An abdominal wall hernia is a defect (hole) that develops in the muscle and tissues of the abdominal wall, which allows abdominal contents such as the small intestine, colon, or fat to protrude through the defect.  Abdominal wall hernias can be congenital and present from birth, and these are often termed epigastric or ventral hernias.  Abdominal wall hernias can also result from a hole that develops at the site of a previous surgery, which are called incisional hernias.  The most common symptoms of an abdominal wall hernia are bulging, pressure, burning, and pain.  Factors that can cause a hernia to develop or worsen are weight gain, excessive straining, chronic coughing or sneezing, pregnancy, and heavy lifting.  While most abdominal wall hernias are not dangerous, they will never resolve without surgery and tend to worsen over time.  If left untreated, abdominal wall hernias can become incarcerated or strangulated — a term used for tissues or intestine that become trapped in the hernia with compromised blood flow as a result.  An incarcerated or strangulated abdominal wall hernia can be a life threatening condition that often requires emergency surgery.  To resolve patients' symptoms and prevent incarceration/strangulation, most surgeons recommend surgical repair for all healthy patients that have a symptomatic abdominal wall hernia.

How is an abdominal wall hernia repair performed?

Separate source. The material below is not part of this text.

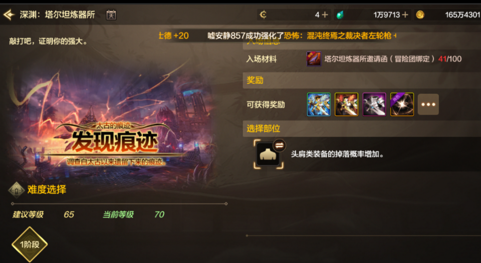 不过要知道这大深渊和其他的深渊不同,大深渊可是能进行许愿的,被许愿的部位的掉落率可是能增加的。虽然这增加的爆率并没有明确说是多少,但这也确实是可以提高深渊爆率。所以说大家可以利用这个机制,许愿自己四等一的部位,这样爆率就更高。而在这之前大家要先刷深渊集齐四件史诗,在四等一的时候再去许愿刷大深渊,这样爆出想要部位的史诗装备的概率就更加高了,大家也能轻松毕业了。要知道史诗套差一个部位的话,那可是会少8000套装的抗魔值的。

Abdominal wall hernias have traditionally been repaired using an open technique by making a large incision on the patient's abdomen and using a piece of synthetic mesh placed beneath the defect to repair the hernia.  In the early 1990s, laparoscopic abdominal wall hernia repairs with mesh began to be commonly performed.  These repairs are performed using small abdominal incisions through which a small video camera and thin instruments are inserted. These instruments repair the abdominal wall hernia by placing mesh beneath the hernia defect.  Patients undergoing a laparoscopic abdominal wall hernia repair experience less pain and faster recovery times than patients undergoing an open abdominal wall hernia repair with mesh. Over the last decade, the benefits of robotic assisted surgery have been widely published, and the technology is now commonly used for general surgery cases, including abdominal wall hernia repairs.  A robotic assisted laparoscopic abdominal wall hernia repair is very similar to a standard laparoscopic abdominal wall hernia repair in terms of technology used. While the robot holds the thin instruments, the robot itself is always under complete control by the surgeon.  The advantages of a robotic assisted laparoscopic abdominal wall hernia repair over a standard laparoscopic abdominal wall hernia repair are the following: a three dimensional high definition view of the hernia and surrounding tissues, much more precise instruments that can rotate 360 degrees not just open and close, and the ability to place the mesh in a safer location to minimize complications and better secure the mesh in position. In addition, patients who undergo a robotic assisted laparoscopic abdominal wall hernia repair also experience a faster recovery, less pain after surgery, and require significantly less narcotic pain medication compared to those undergoing a standard laparoscopic abdominal wall hernia repair.  Dr. Mueller performs a high volume of robotic assisted laparoscopic abdominal wall hernia repairs at Northwestern Memorial Hospital and continues to observe excellent patient outcomes.